----- Supplied records

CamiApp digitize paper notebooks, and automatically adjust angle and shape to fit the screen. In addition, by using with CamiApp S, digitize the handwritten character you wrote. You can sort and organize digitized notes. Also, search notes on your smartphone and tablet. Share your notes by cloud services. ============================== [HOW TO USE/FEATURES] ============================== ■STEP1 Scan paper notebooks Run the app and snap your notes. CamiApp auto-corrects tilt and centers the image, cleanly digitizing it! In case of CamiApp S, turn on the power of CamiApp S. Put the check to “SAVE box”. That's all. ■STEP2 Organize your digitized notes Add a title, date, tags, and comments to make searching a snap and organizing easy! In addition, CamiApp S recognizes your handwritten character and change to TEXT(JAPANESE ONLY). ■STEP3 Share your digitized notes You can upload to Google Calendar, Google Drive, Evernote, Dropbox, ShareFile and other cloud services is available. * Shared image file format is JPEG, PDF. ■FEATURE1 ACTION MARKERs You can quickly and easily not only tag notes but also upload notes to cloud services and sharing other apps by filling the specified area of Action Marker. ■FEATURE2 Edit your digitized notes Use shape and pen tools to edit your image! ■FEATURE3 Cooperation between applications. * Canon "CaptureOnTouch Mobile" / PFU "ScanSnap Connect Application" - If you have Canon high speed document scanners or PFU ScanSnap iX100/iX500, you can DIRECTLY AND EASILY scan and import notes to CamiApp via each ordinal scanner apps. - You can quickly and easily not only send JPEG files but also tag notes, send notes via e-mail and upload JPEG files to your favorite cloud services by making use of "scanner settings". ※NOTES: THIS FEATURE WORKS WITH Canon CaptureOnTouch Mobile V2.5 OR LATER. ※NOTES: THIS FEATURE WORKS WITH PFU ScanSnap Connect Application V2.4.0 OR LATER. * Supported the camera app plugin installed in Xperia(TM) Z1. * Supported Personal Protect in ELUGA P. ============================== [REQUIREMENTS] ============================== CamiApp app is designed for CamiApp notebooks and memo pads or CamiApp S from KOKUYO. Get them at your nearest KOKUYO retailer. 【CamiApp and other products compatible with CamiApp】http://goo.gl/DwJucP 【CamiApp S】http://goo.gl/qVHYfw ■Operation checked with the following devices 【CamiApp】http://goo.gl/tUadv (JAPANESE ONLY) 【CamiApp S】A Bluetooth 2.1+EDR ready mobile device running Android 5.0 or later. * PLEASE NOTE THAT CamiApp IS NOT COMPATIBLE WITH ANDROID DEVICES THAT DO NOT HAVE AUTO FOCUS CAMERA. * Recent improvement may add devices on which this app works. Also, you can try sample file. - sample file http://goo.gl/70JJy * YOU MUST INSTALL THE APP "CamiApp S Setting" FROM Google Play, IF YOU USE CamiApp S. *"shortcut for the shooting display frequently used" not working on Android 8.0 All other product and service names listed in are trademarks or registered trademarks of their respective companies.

----------
----- Supplied records

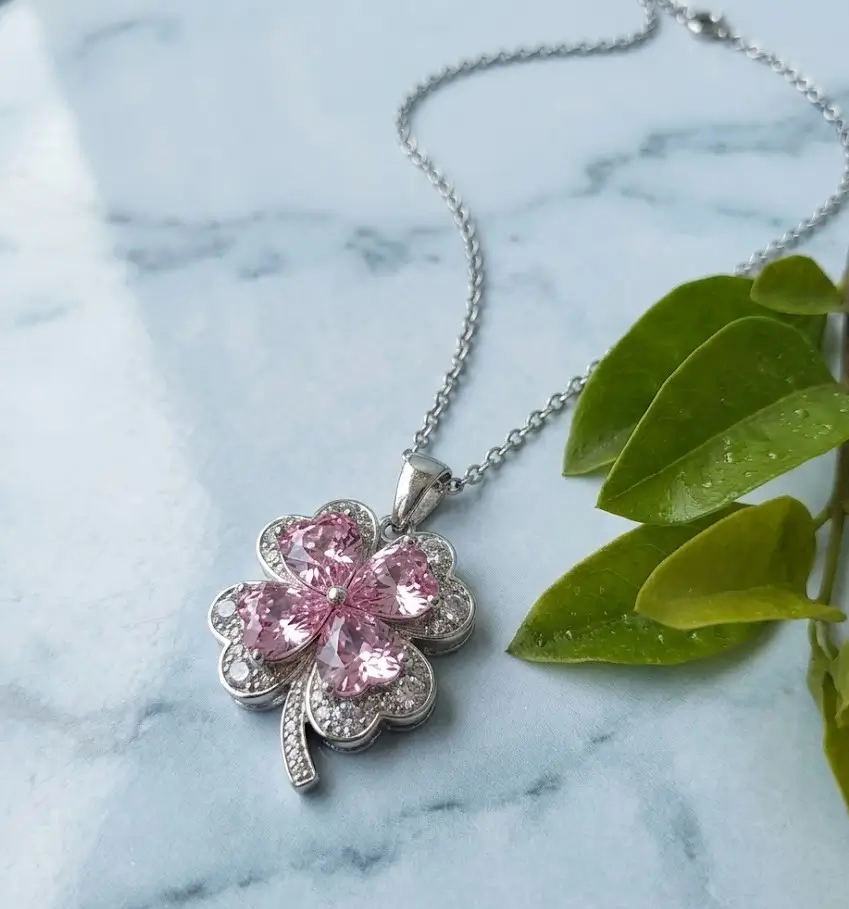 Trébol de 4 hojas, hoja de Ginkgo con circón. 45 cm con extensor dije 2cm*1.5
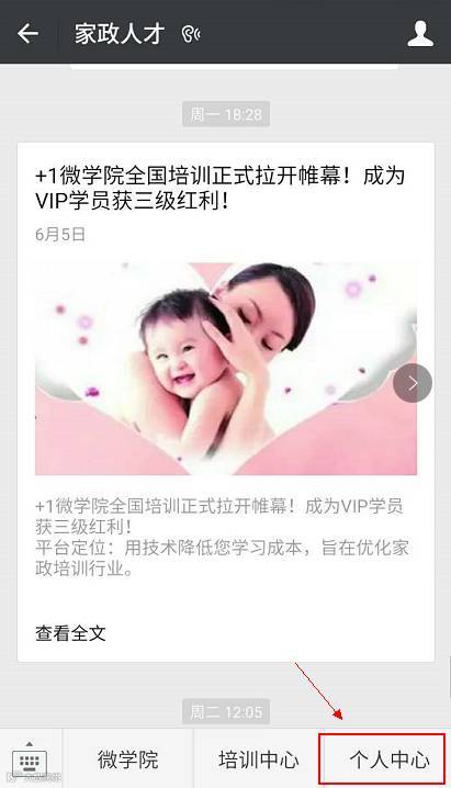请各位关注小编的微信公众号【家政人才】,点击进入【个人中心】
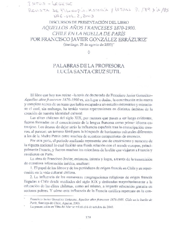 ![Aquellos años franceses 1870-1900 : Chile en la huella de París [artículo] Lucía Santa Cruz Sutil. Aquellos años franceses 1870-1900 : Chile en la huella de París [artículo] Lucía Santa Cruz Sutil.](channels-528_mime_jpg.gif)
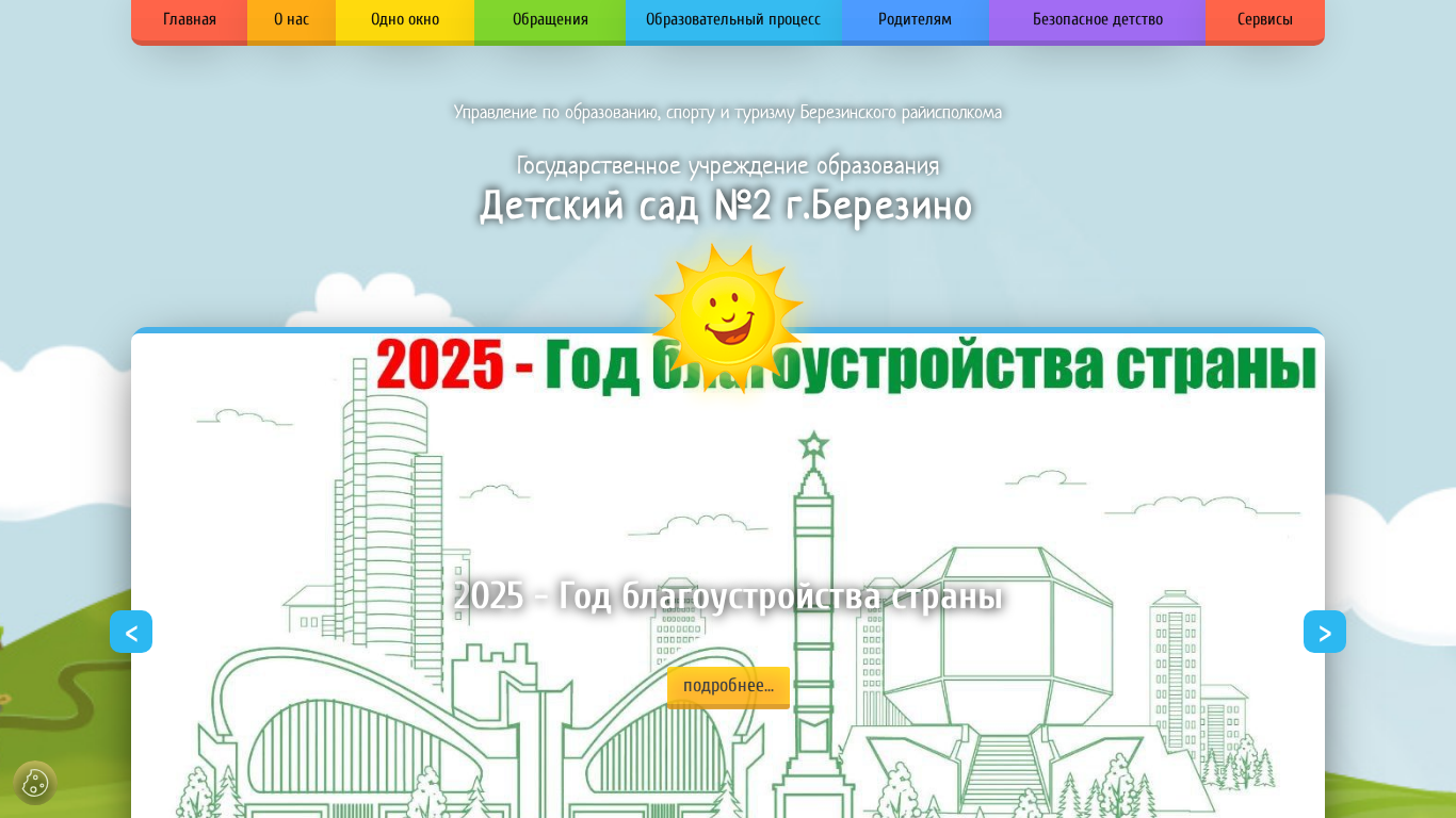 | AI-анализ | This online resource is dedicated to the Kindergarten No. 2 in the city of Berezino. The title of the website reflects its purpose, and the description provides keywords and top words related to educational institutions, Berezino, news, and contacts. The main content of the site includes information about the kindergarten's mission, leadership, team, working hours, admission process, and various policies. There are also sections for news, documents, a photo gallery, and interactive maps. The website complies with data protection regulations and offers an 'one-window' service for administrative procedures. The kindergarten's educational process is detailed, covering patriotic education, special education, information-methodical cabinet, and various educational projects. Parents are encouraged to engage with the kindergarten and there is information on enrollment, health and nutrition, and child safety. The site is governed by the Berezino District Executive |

----------
----- Supplied records

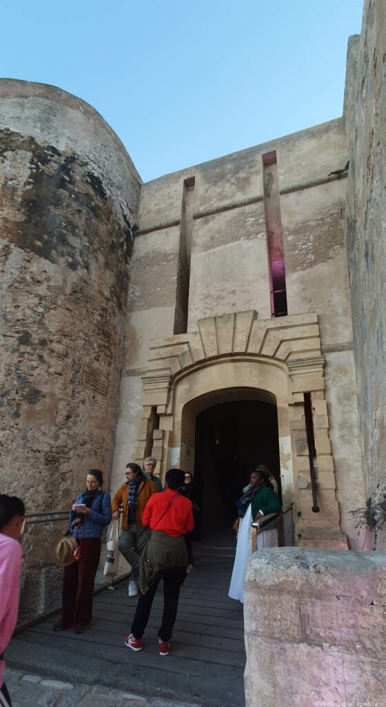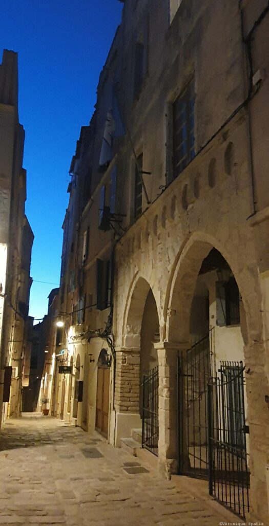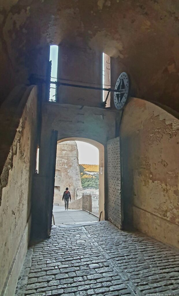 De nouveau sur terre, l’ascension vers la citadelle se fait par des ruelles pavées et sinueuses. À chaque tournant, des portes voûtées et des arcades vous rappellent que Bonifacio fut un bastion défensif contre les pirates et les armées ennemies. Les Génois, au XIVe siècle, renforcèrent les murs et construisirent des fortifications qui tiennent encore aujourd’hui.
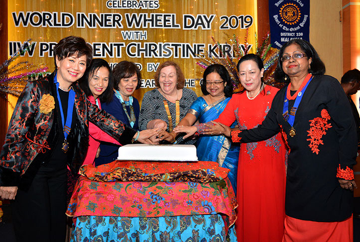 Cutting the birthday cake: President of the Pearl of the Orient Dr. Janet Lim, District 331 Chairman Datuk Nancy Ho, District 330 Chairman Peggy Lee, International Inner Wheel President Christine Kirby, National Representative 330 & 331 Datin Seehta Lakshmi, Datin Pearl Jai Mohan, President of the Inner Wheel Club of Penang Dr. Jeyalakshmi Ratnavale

----------

_What you need to do_. In the records above, everything from the line with "Trébol de 4" down to the line with "Santa Cruz Sutil.](channels-528_mime_jpg.gif)" must be duplicated exactly, both lines kept. Leave no pictures in.

_Response to this task_.
 Trébol de 4 hojas, hoja de Ginkgo con circón. 45 cm con extensor dije 2cm*1.5
请各位关注小编的微信公众号【家政人才】,点击进入【个人中心】
 ![Aquellos años franceses 1870-1900 : Chile en la huella de París [artículo] Lucía Santa Cruz Sutil. Aquellos años franceses 1870-1900 : Chile en la huella de París [artículo] Lucía Santa Cruz Sutil.](channels-528_mime_jpg.gif)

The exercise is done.